EEOC Sues Crothall Services Group to Enforce Federal Record-Keeping Requirements
Nationwide Facilities Services Provider Fails to Maintain Records That Disclose Impact of Its Employee Selection Procedures, Federal Agency Charges
PHILADELPHIA – Crothall Services Group, Inc., a nationwide provider of janitorial and facilities management services based in Wayne, Pa., is in violation of federal law requiring it to maintain records or other information that will disclose the impact its employee selection procedures have on equal employment opportunities, U.S. Equal Employment Opportunity Commission (EEOC) charged in a lawsuit filed yesterday.
According to EEOC’s complaint, Crothall conducts criminal background checks and criminal history assessments. Crothall uses its assessments of an applicant’s criminal history to make hiring decisions.
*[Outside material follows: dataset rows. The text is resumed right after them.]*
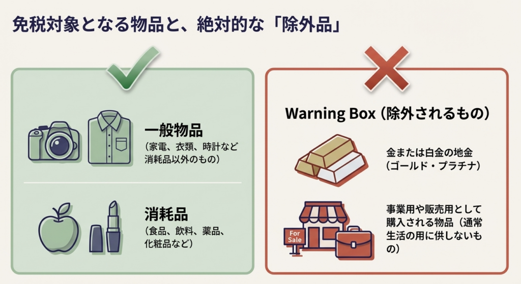 免税対象は通常生活に使う物品で、事業用や販売用、金・白金の地金は除かれます。
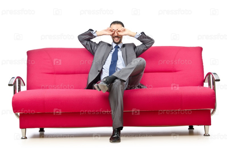 Молодой бизнесмен, сидящий в диване
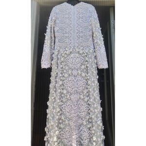 - Sleeves: Long, fitted, semi-sheer lace with floral appliqués

The company fails to make and keep required records, however, that will disclose the impact that its criminal history assessments have on persons identifiable by race, sex or ethnic group, the agency charged.
Crothall’s failure to make and keep such records violates Title VII of the Civil Rights Act of 1964. Title VII protects individuals from discrimination in employment because of race, sex, national origin, color, or religion, including certain employment practices that have a disparate impact on employees in protected groups. Title VII, together with record-keeping requirements found in 29 CFR part 1607 of the Code of Federal Regulations, require employers to maintain records disclosing the impact their selection procedures have upon employment opportunities of persons identifiable by race, sex, or ethnic group. EEOC filed suit in U.S. District Court for the Eastern District of Pennsylvania (Equal Employment Opportunity Commission v. Crothall Services Group, Inc., Civil Action No. 2:15-cv-03812-AB). The agency is seeking injunctive relief requiring the company to comply with the federal record-keeping requirements.
“Federal record-keeping requirements ensure that certain employers make and keep records that disclose the impact of their selection procedures,” said Regional Attorney Debra Lawrence of EEOC’s Philadelphia District Office. “EEOC’s enforcement of the record-keeping requirements is important to the agency’s commitment to eliminating discriminatory barriers in the workplace.”
Eliminating barriers in recruitment and hiring, especially class-based recruitment and hiring practices that discriminate against racial, ethnic, and religious groups, older workers, women, and people with disabilities, is one of six national priorities identified by the Commission’s Strategic Enforcement Plan.
EEOC enforces the federal laws prohibiting employment discrimination. More information about EEOC is available on its website, www.eeoc.gov.